When you fire, it sometimes goes into a Matrix-type bullet slowdown, if Keanu Reeves was hammered and jiggling all over the place.

That's kind of the definition of The Hunt as a whole. It tries to be a respectful, proper method of teaching you the ideals of hunting done right, but it largely fails in its gameplay. The free hunt is slightly more arcade-like, but here again, you're wandering the same grounds you just saw in the season modes. There are a fair number of weapons to choose from, including bows, pistols, rifles, and shotguns, but since getting close enough to wildlife to use anything but the rifle is an impossibility, it's the only gun I ever used.

The Hunt is a bad game, then, but I still respect it for the message it tries to teach about hunting the right way. Unfortunately, that lesson isn't one that the audience it needs to reach is likely to hear, especially from such a mediocre regurgitation of a forgotten 00's game.

The Hunt is available on Steam regularly for ten dollars. There are better hunting games out there, or look into the real thing yourself if you're a decent individual who won't act like a murdering assclown.

The Rest

Bear With Me is something I wish fell into the parameters of this blog, but with over two hundred reviews, it doesn't qualify as an under-reviewed game. When I finish it, I might write up a review here on the site because it's a game that deserves your attention if you're a traditional point-and-click adventure fan.

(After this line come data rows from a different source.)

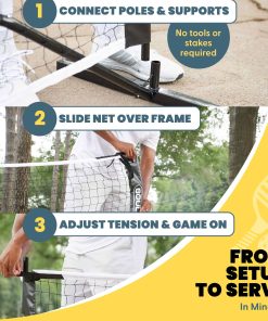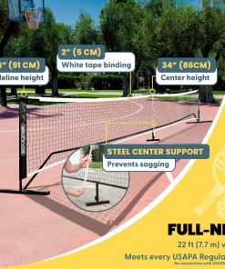 1. Cumple con las regulaciones USAPA: Nuestra red de pickleball de cancha completa está diseñada para cumplir con los estándares USAPA, asegurando un ajuste perfecto para tu cancha de pickleball. Mide 22 pies desde el interior de un poste hasta el interior del otro poste, con una altura del marco lateral de 36 pulgadas y una altura del marco central de 34 pulgadas.
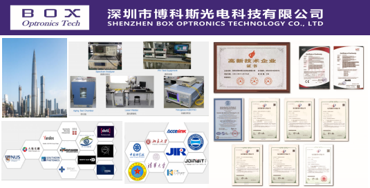 Shenzhen Box Optronics Technology Co., Ltd.(BOX Optronics Tech) — це високотехнологічне підприємство, що спеціалізується на волоконно-оптичному зв’язку та волоконно-оптичному датчику. Компанія прагне надавати клієнтам продукти та послуги вищої якості, швидше реагувати на обслуговування та допомагати клієнтам створювати більшу цінність. Завдяки сильним науково-дослідним, виробничим і торговим можливостям, а також досвідченим інженерам-розробникам, компанія може адаптувати персоналізовані продукти відповідно до потреб різних клієнтів. Протягом багатьох років компанія прагне до технологічних інновацій, постійно впроваджуючи передові технології та талант. Вона отримала кредитні сертифікати на рівні AAA, технологічні SME та національні високотехнологічні підприємства, а також успішно пройшла сертифікацію системи якості ISO9001, суворо дотримуючись системних вимог і ретельно перевіряючи якість продукції.
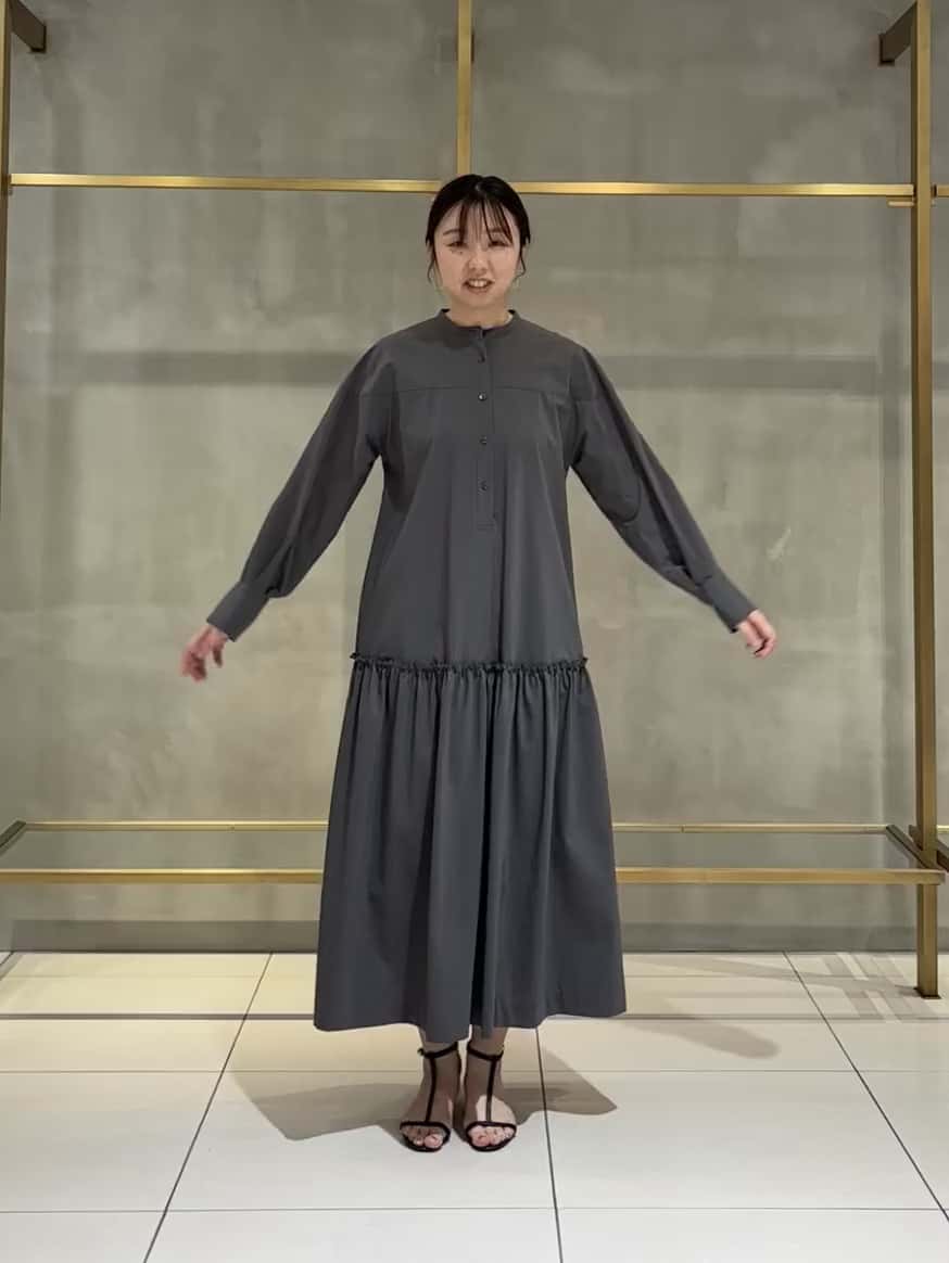 バンドカラーに裾はフレアで切り替えた、デザインワンピースです。
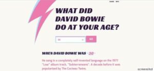 Εάν αναρωτιέστε τι έκανε ο David Bowie όταν ήταν στην ηλικία σας (όποια κι αν είναι αυτή, επιτρέψτε μου να σας συστήσω την ιστοσελίδα supbowie.com, στην οποία αν βάλετε την ηλικία σας μπορεί να σας πει με ακρίβεια σε ποια φάση βρισκόταν ο Bowie εκείνη τη στιγμή της ζωής του.
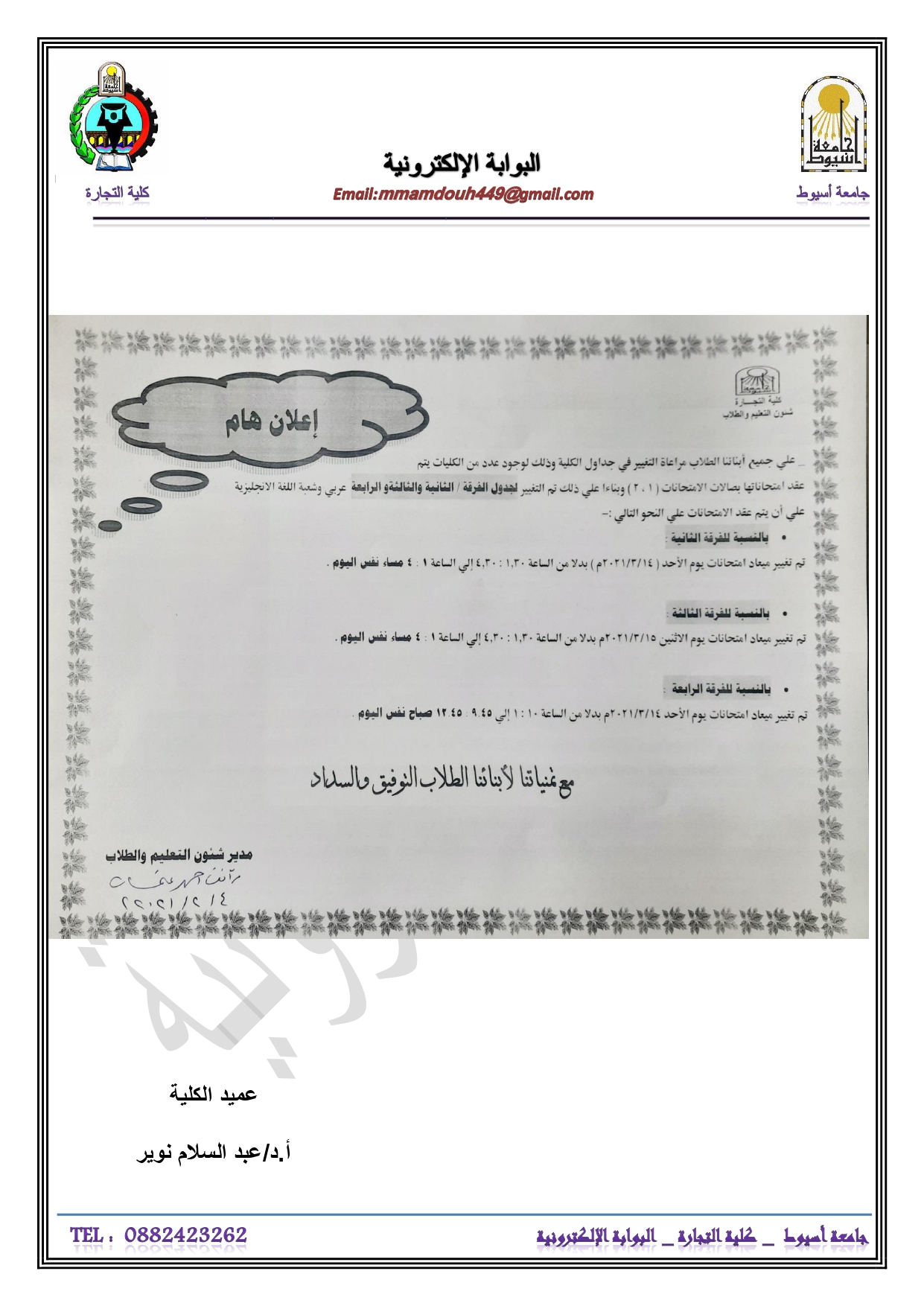 اعلان للطلاب بتغيير مواعيد الاماتحانات
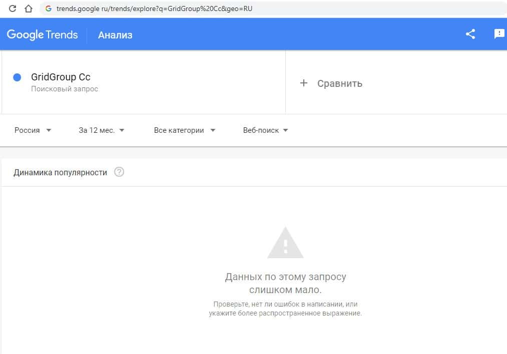 Начинаем с запросов на английском языке. Первый запрос на английском языке в Гугл "GridGroup Cc" выдает результат в 0 показов в месяц. Так информацию никто не ищет.
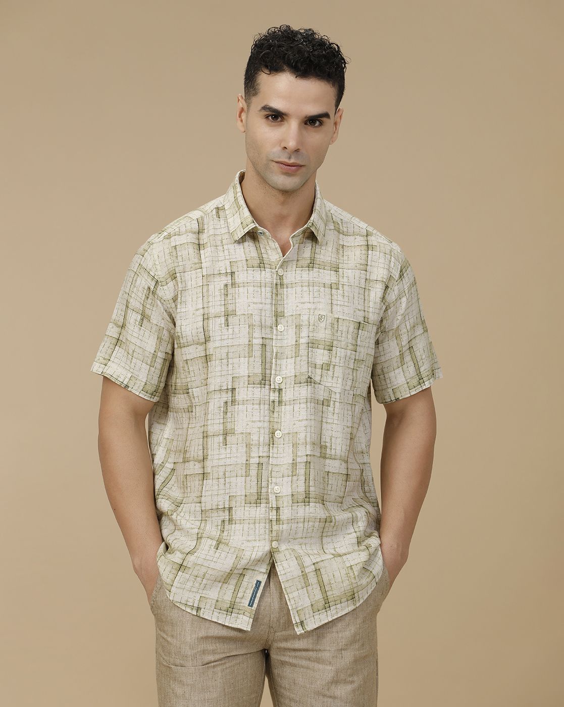 Green Printed Contemporary Fit Full Sleeve Casual Shirt
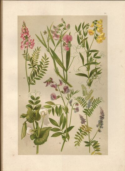 litografie (1899) - Vičenec, Vikev ptačí, Hrách setý, Hrachor lesní, Hrachor luční, Lecha jarní (byliny - botanika - herbář)
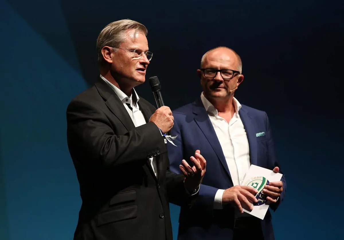 Reinhard Schneider (li.), geschäftsführender Gesellschafter von Werner & Mertz, und Moderator Stefan Schulze-Hausmann begrüßten rund 850 Mitarbeiter aus ganz Europa.
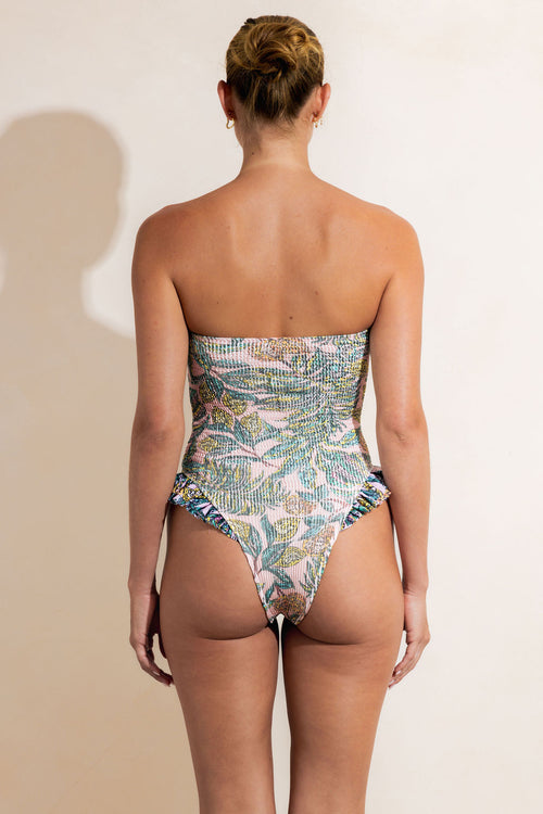 The Bluebell Maillot in our stunning Sumatra print is a timeless and elegant swimsuit featuring a strapless, classic silhouette with a high-leg cut for a flattering fit. Designed with delicate frill details at the hips, this piece adds a touch of femininity while maintaining a sleek and sophisticated look - a wonderful addition for poolside lounging or beachside glamour!
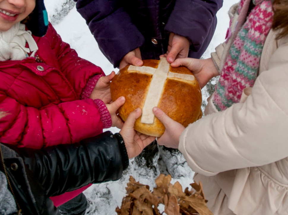 Za stolom domaćin deli česnicu svakom članu porodice, a veruje se da će onaj koji u svom delu kolača pronađe novčić ili dukat tokom cele naredne godine imati sreće, zdravlja i bogatstva.
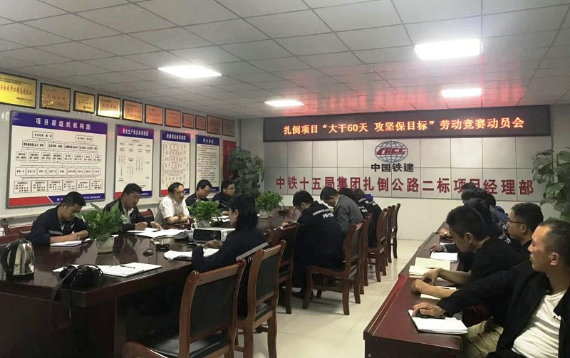 為順利實(shí)現(xiàn)扎倒公路全面通車(chē)節(jié)點(diǎn)目標(biāo),7月29日,中國(guó)鐵建中鐵十五局集團(tuán)一公司扎倒公路項(xiàng)目部組織召開(kāi)勞動(dòng)競(jìng)賽活動(dòng)動(dòng)員會(huì),安排部署8月和9月攻堅(jiān)通車(chē)目標(biāo)期間的生產(chǎn)建設(shè)工作任務(wù),以“大干60天 攻堅(jiān)保目標(biāo)”為主題的勞動(dòng)競(jìng)賽活動(dòng)正式拉開(kāi)帷幕。項(xiàng)目部各部門(mén)副職以上人員、現(xiàn)場(chǎng)技術(shù)管理人員,路基隊(duì)、拌合站和各施工隊(duì)負(fù)責(zé)人參加會(huì)議。
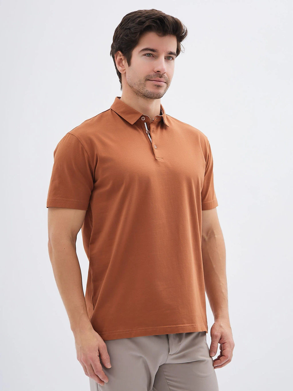 Джемпер мужской с воротником поло короткий рукав GREG G144-KO-HJ-70138-1246T (терракот)
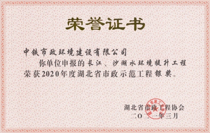 近日,2020年湖北省市政示范工程評選結果公布,公司長江、沙湖水環境提升工程項目喜獲湖北省市政示范工程銀獎。...
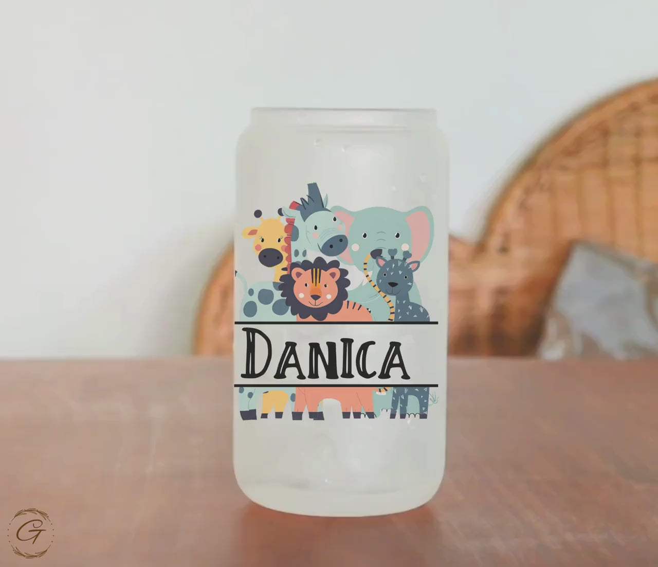 This adorable frosted glass cup features a cute safari animal design, perfect for kids! Customizable with any name, it makes a great personalized gift. Suitable for iced coffee, juice, or any beverage, this charming glass can is both fun and functional, making it a unique addition to any drinkware collection.

It's not huge in scope. The first episode only takes place over a very small environment of about eight rooms or so, all within a child's house, with larger events hinted at outside. An elusive "red man" (nicknamed because of the red clothing he wears, not as an offensive slur or because he likes to hang with Method Man) has been torching places in Paper City, a town that may or may not be in the mind of the child protagonist. The house's stuffed animal residents (yeah, you read that right) think the girl's in grave danger, and safeguard her while she and her teddy bear pet detective roommate (named - you guessed it - Ted E. Bear) try to escape the house to investigate the red man and find her missing brother.

All of that sounds childlike, but it's more... hmm. I hesitate to call it magical realism, but maybe whimsical is a better term for what I'm searching for. It's also, curiously, relatively adult in its conversations. Ted will swear on occasion and some of the red man's brief moments make this a game that probably shouldn't be played by children.

It's mildly buggy - the game doles out hints by having the character talk to Ted, and at one point, he stopped offering up useful advice and insisted we got to the attic to talk to a stuffed animal whose conversation choices had run out. This was solved relatively easily by hunting down a FAQ and finding an object I'd missed in the environment, but it's still a notable occurrence.

I'm just starting up the second episode, which I like so far. The interpersonal relationships between these characters are surprisingly well written, and the universe has tons of promise. It reminds me in a lot of ways of the beginnings of Blackwell, which might have been short, but no less an outstanding start to an adventure series. I'm really looking forward to whatever else is coming from the developers, Exordium Games.